Todo comenzó en el corazón del rock nacional, con Arco Iris, en una época donde la experimentación y la fusión eran actos de fe. Allí, junto a Dana, sembró la semilla de lo que sería su obsesión: desdibujar los límites. No se conformó con las estructuras establecidas. Su genialidad fue entender que el folclore no era un museo, sino un lenguaje vivo. Con León Gieco y luego con su propia producción para Mercedes Sosa, realizó una hazaña silenciosa pero monumental: modernizar la canción popular sin traicionar su alma. Les puso jeans y botas de cuero a las zambas, les dio una reverberancia nueva, les mostró que podían sonar tan contemporáneas y urgentes como cualquier riff de guitarra eléctrica. Fue un diálogo, no una imposición.

Esa misma búsqueda de la verdad sonora es la que lo llevó a conquistar Hollywood. Su consagración con los Óscar por Brokeback Mountain y Babel no fue un golpe de suerte, sino la consecuencia lógica de una mirada única. Santaolalla no compone bandas sonoras en el sentido tradicional; él no «acompaña» las imágenes, las habita. Extrae la música desde adentro de los personajes, del paisaje emocional de la historia. Su instrumento más famoso, el ronroco, no es solo un charango; en sus manos es la voz de la nostalgia, el suspiro de una América profunda y herida.
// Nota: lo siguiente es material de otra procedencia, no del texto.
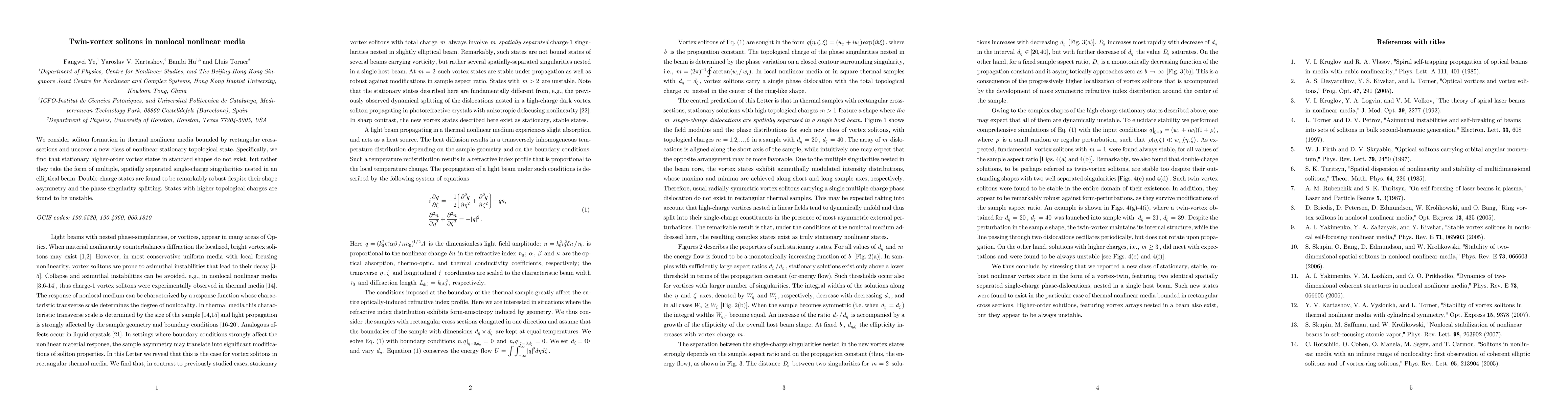 This paper explores soliton formation in thermal nonlinear media, revealing twin-vortex solitons as a new class of topological states. These double-charge states are robust and asymmetrical, while higher-order vortex states are unstable.
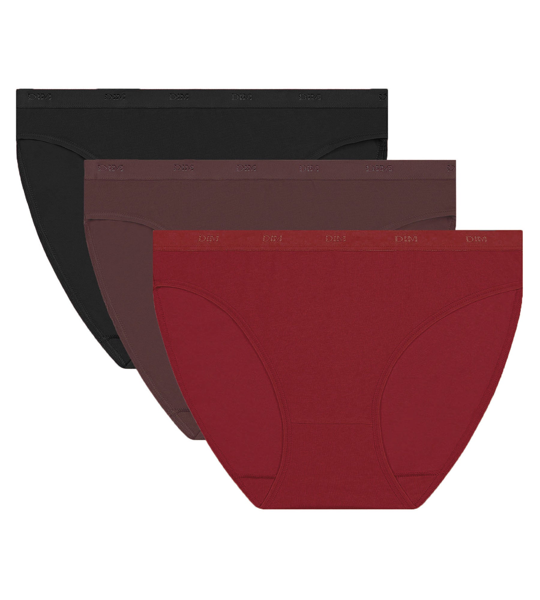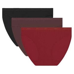 Crave for the assertive colours of the Les Pockets Ecodim Pack of 3 women’s knickers in Black, Red and Cocoa stretch cotton!
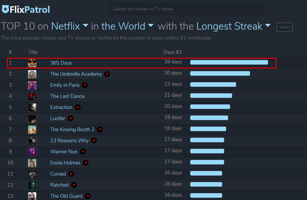 Longest Streak (최장 연승) 정렬도 있는데 이는 TOP10 안에 오래 머무른 넷플릭스 콘텐츠 순위입니다. 1위는 365 Days입니다. 이 영화 압니다. 너무 오래 TOP10 안에 들어와 있어서 뭔가 봤더니 B급 에로 영화더라고요. 영화를 스킵하면서 봐서 뭔 내용인지 모르겠지만 평은 좋지 못합니다. 그러나 확실히 말초신경은 자극하네요.

Cada una de sus composiciones es un mundo minimalista y completo. Con muy pocos elementos –una guitarra rasgueada con el alma, una percusión que late como un corazón– es capaz de construir universos de una densidad emocional abrumadora. Su música para The Last of Us es el ejemplo perfecto: no hay notas sobrantes, solo el sonido desnudo de la desolación, la esperanza y la memoria. Esa es su grandeza: saber que el silencio entre las notas es tan importante como las notas mismas.
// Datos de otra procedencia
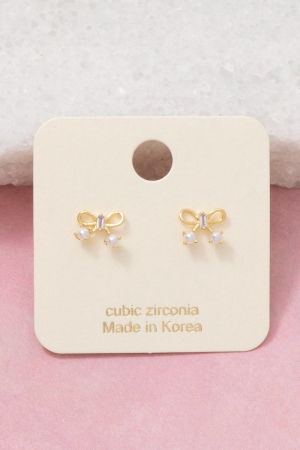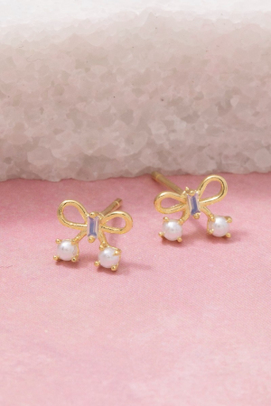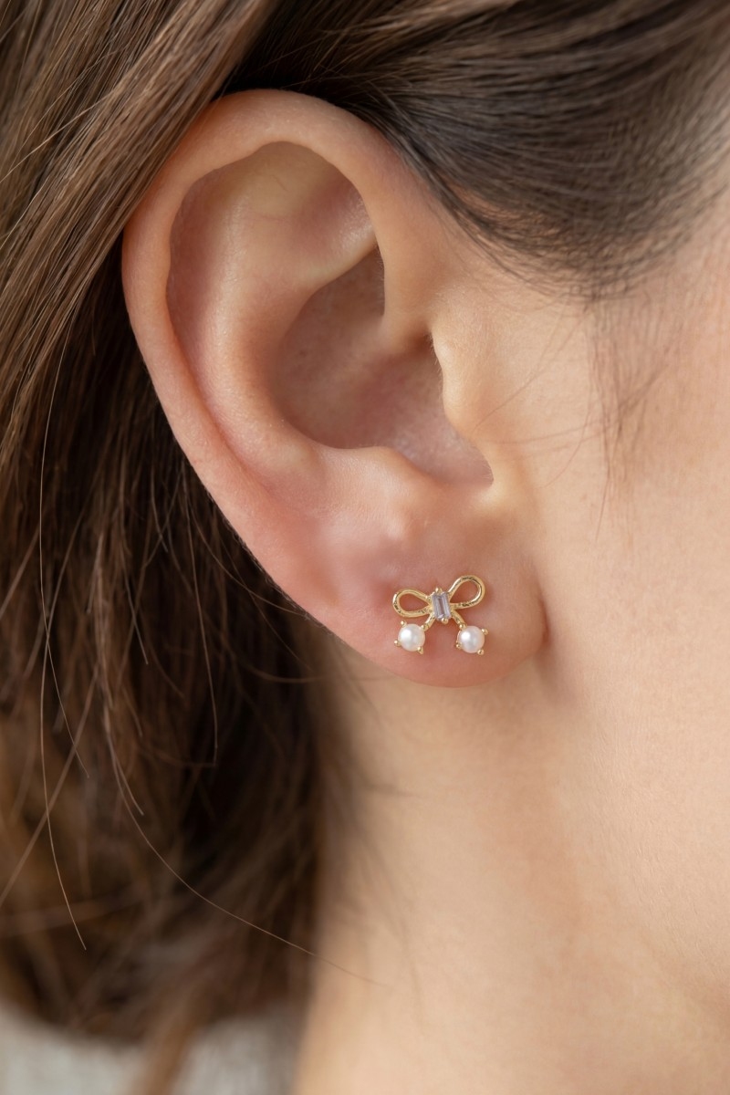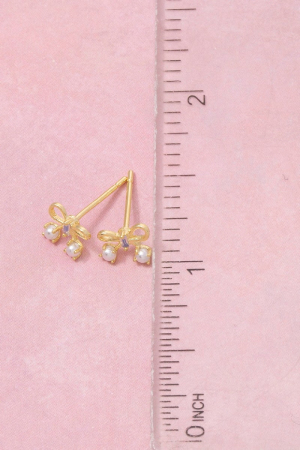 - This pair of stud earrings showcases a unique gold dipped mini ribbon bow style. Explore a blend of classic charm and contemporary flair.

Gustavo Santaolalla es, en esencia, un traductor. Traduce el llanto de la tierra en zambas, la angustia de un cowboy en un acorde, la desesperación de un padre en una melodía austera. Se consagró lejos, en el olimpo del cine mundial, pero nunca dejó de ser ese músico de Bernal que creía que el rock podía tener espíritu indígena y que una canción podía cambiar el mundo. Su contribución más grande a la música argentina fue demostrar, con hechos, que lo nuestro no tiene fronteras. Que el sonido del alma, cuando es auténtico, resuena en todas partes.